__Requirement__
With pictures omitted, copy exactly the lines from the one containing "秋田駒ヶ岳はガスガスだったの" through the end of the records below.
-------- Source information --------
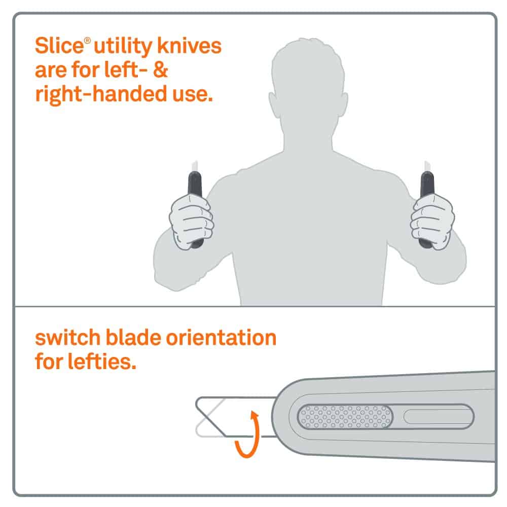 The Slice 10554 auto-retractable utility knife responds to customer demand for a long blade to cut through thick materials, including triple-walled corrugated. When your cut is finished, the ceramic safety utility knife blade pulls back to keep you safe. Rotate the blade edge quickly and without tools to adjust for right or left-handed use. As with all our ceramic blades, the retractable utility knife blade is non-conductive, chemically inert, and never rusts.
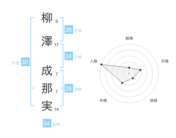 柳澤 成那実さんを姓名の画数から五運を鑑定
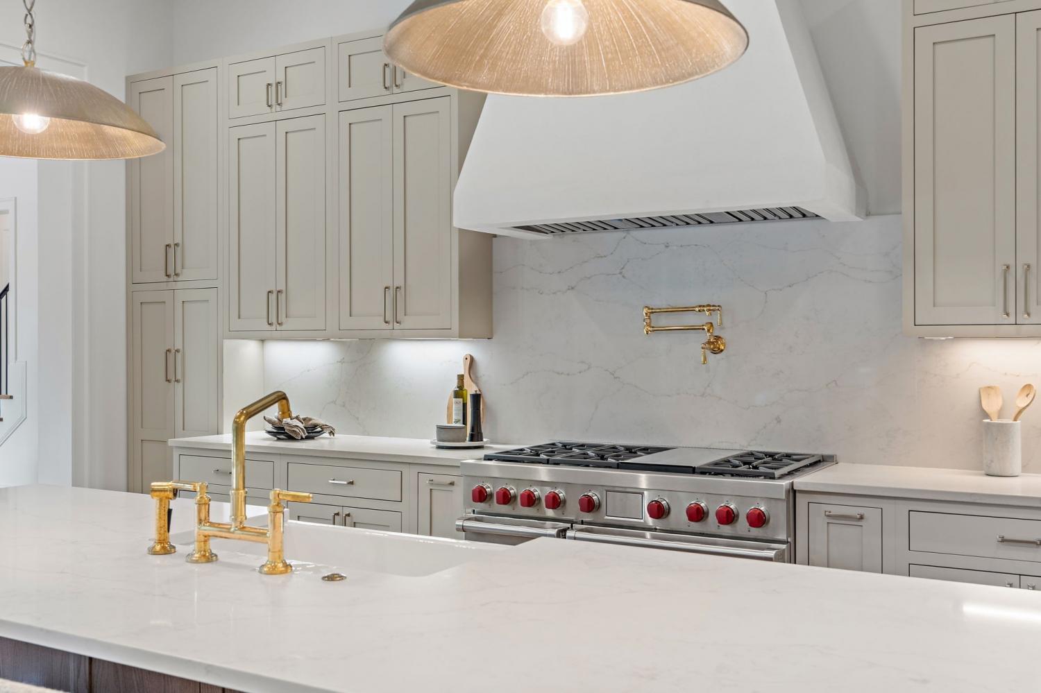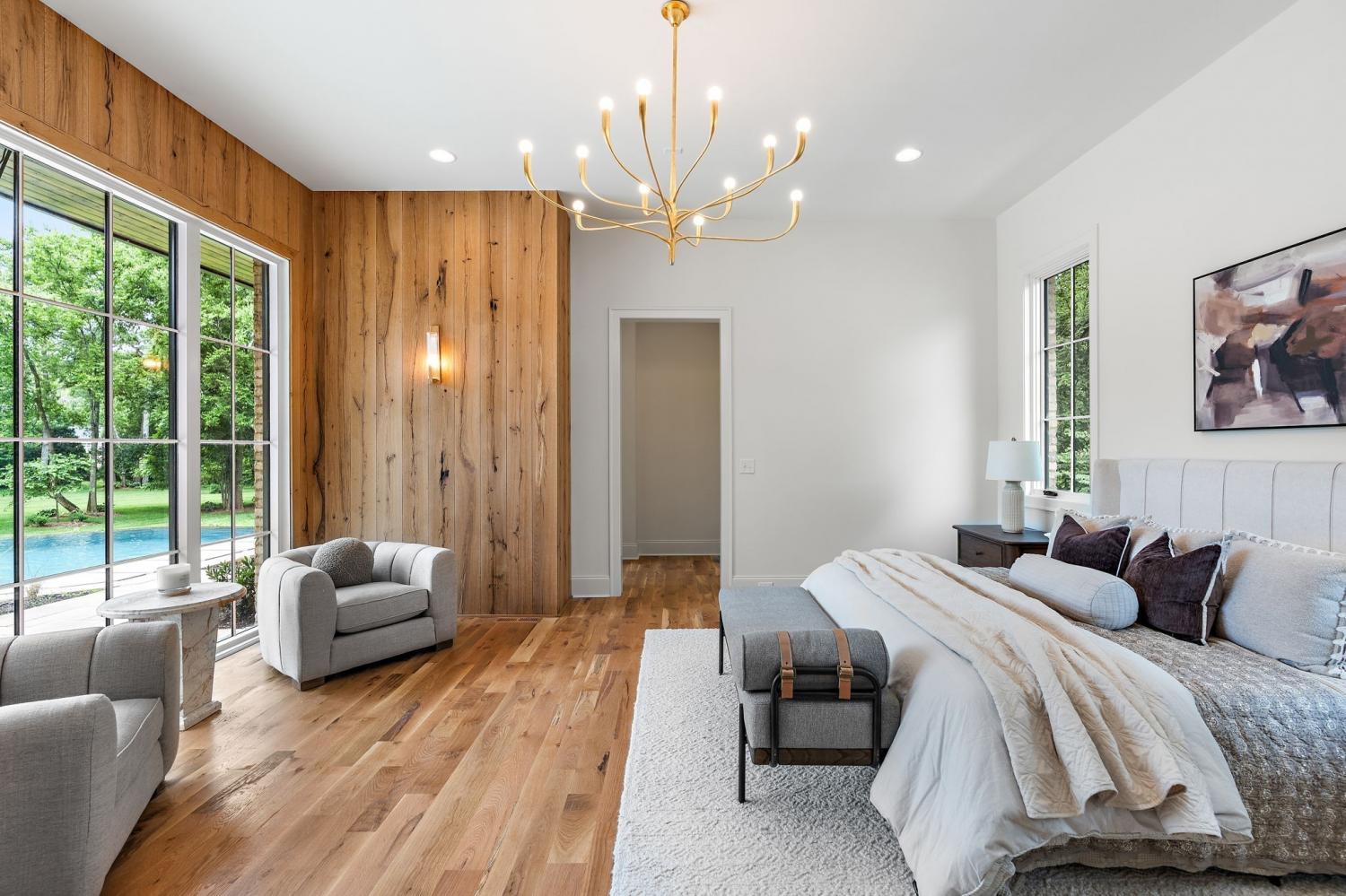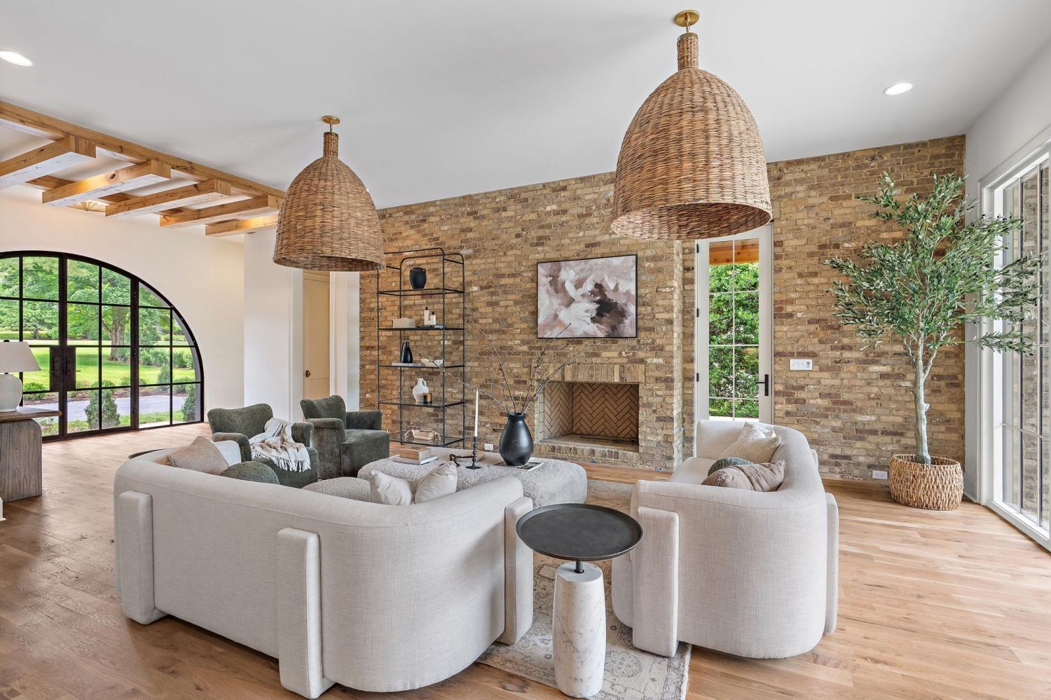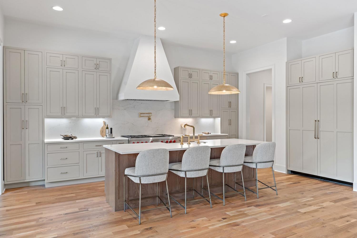 This stunning French Country–inspired estate blends timeless elegance with modern luxury. Situated on 1.2 flat acres, the home features 11-foot ceilings on the main level and 9-foot ceilings upstairs, creating a spacious and airy feel throughout. Designed for both everyday living and grand entertaining, the residence offers a three-car garage with a custom porte-cochère, and a heated gunite infinity-edge pool, spa, and firepit—truly an entertainer’s dream. Inside, you’ll find designer finishes, Signature Hardware fixtures, and a turnkey interior ready to impress. The chef’s kitchen is outfitted with Miele and KitchenAid appliances, a marble island, and an open layout that flows beautifully into the living and dining spaces.Enjoy the luxury of two primary suites on the main floor, ideal for multigenerational living or hosting guests in comfort and style.Soaring floor-to-ceiling windows and a spectacular arched front door flood the home with natural light, offering serene views of the lush landscaping and pool beyond.
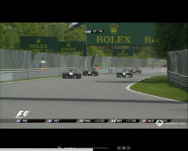 Ricciardo presionando a Pérez para poder así acercase a Rosberg. Pero Pérez no es el único que hace tapón sino también su compañero. Bottas intenta adelantar a Hulkenberg pero casi se tocan acto que aprovecha Massa para adelantar.
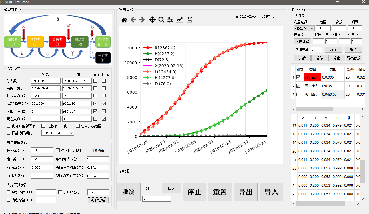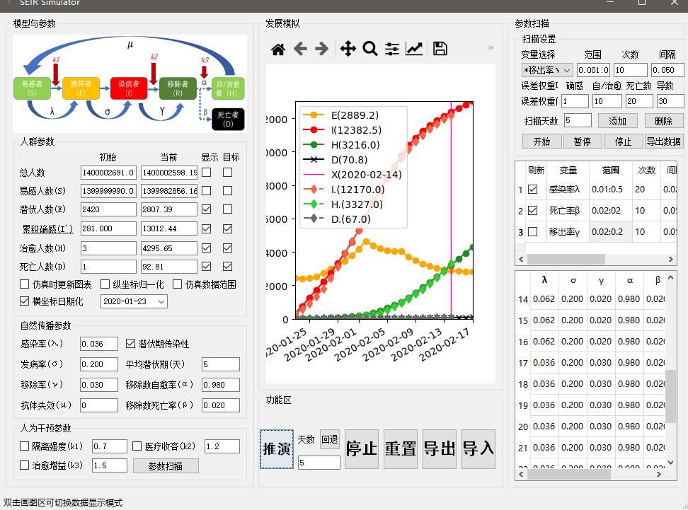 Ø 感染率(λ):每个携带者或染病者日均感染人数;可用R0/平均潜伏天数来设置。根据初期R0=3,平均潜伏天数为3(见潜伏人数设置中),可填入参数1。【该参数可使用扫描功能选定一个最优值】
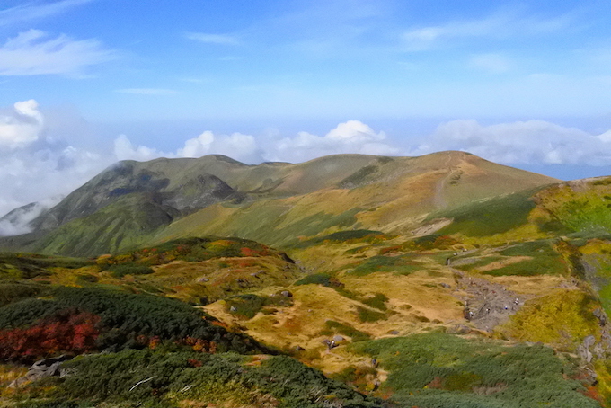 秋田駒ヶ岳はガスガスだったのですが、乳頭山と鳥海山は絶好の快晴に恵まれ、過去の山行の中でも非常に印象深い山行になったのでした。
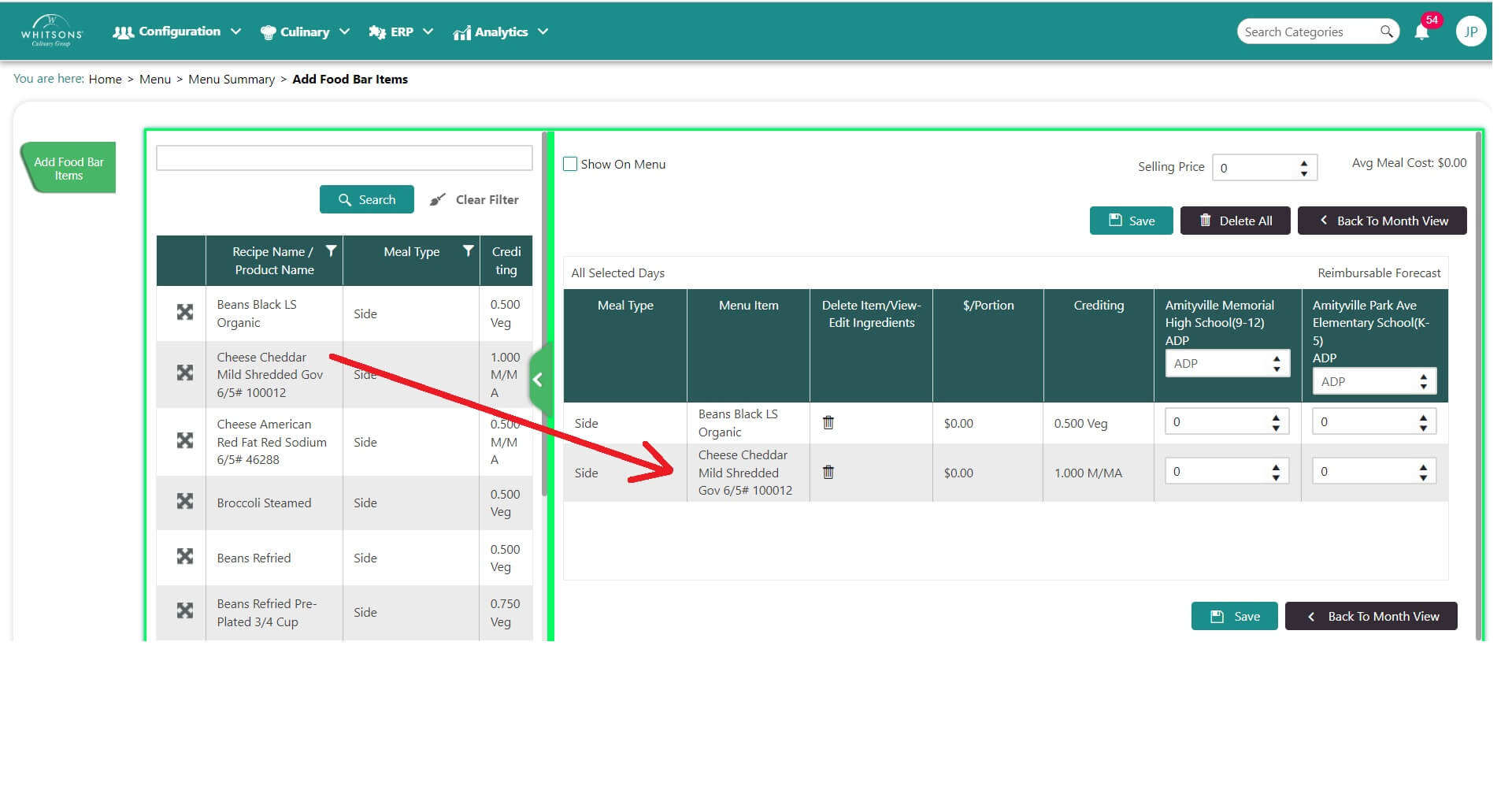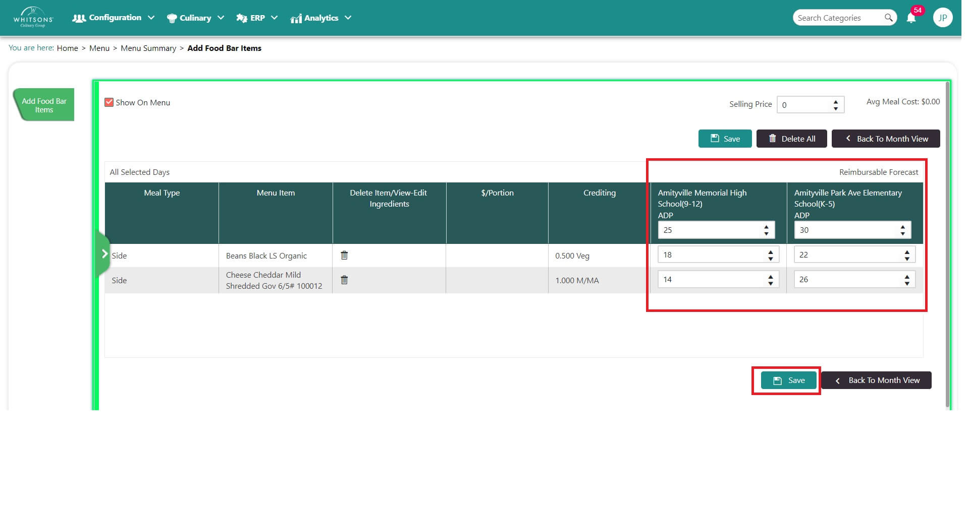 NoteThe ADP box at the top of the screen MUST be filled in for the number of entrees you expect to serve from the food bar for each location on the menu.
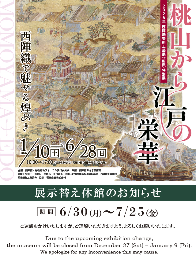 通过西阵织最高水平的编织技术,用细腻的织法将娴熟的笔法表现的淋漓尽致。既如实地再现了原作的画卷,又融入了西阵织的独特创意。
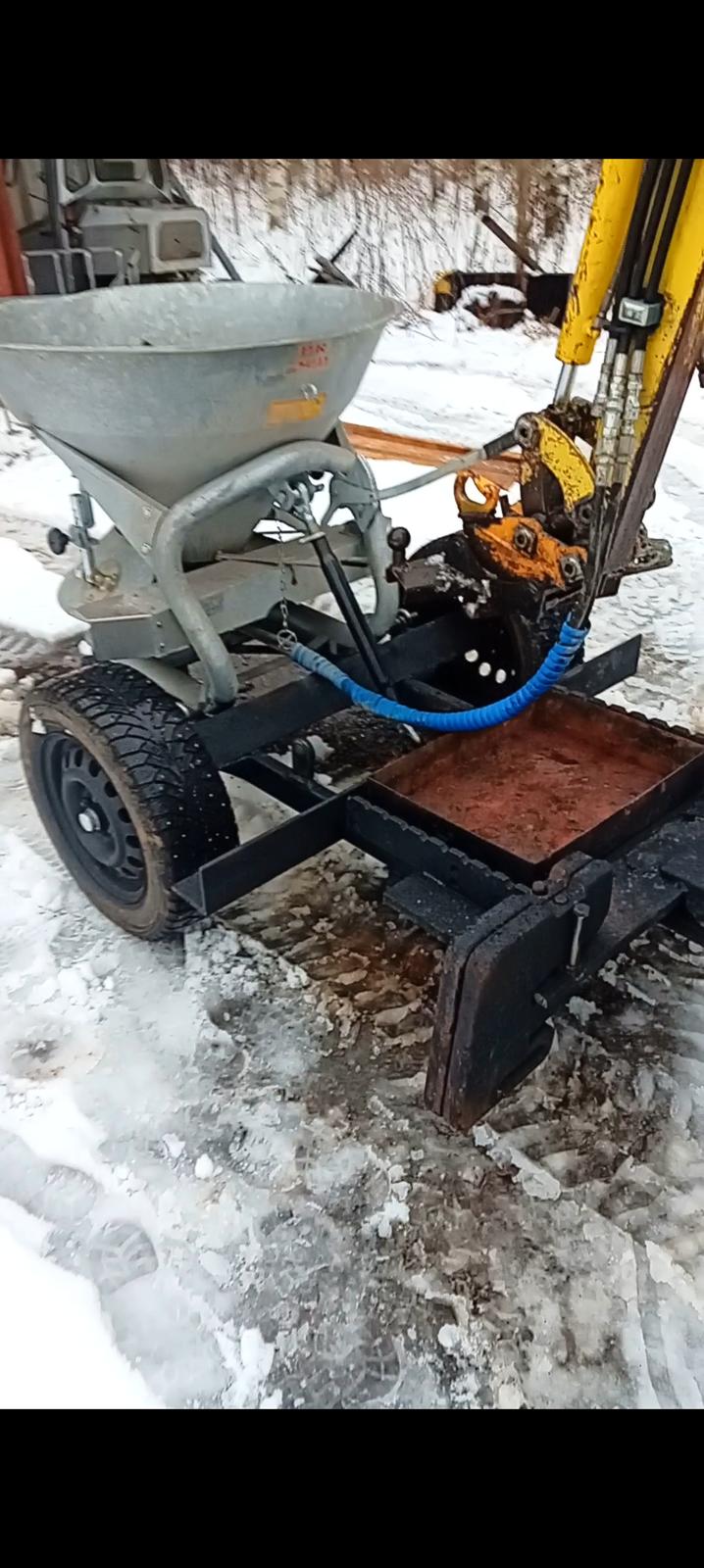 Hiekoitin on jo sovitettu perävaunuun jota voi vetää Toyotalla, kaivinkoneella ja kiinteistötraktorilla.
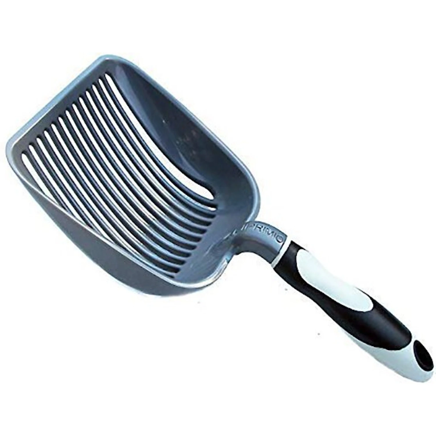 - Heavy-duty scooper keeps your feline fur-iend’s litter box fur-esh and clean!
--------
__Result below__
 秋田駒ヶ岳はガスガスだったのですが、乳頭山と鳥海山は絶好の快晴に恵まれ、過去の山行の中でも非常に印象深い山行になったのでした。
 NoteThe ADP box at the top of the screen MUST be filled in for the number of entrees you expect to serve from the food bar for each location on the menu.
 通过西阵织最高水平的编织技术,用细腻的织法将娴熟的笔法表现的淋漓尽致。既如实地再现了原作的画卷,又融入了西阵织的独特创意。
 Hiekoitin on jo sovitettu perävaunuun jota voi vetää Toyotalla, kaivinkoneella ja kiinteistötraktorilla.
 - Heavy-duty scooper keeps your feline fur-iend’s litter box fur-esh and clean!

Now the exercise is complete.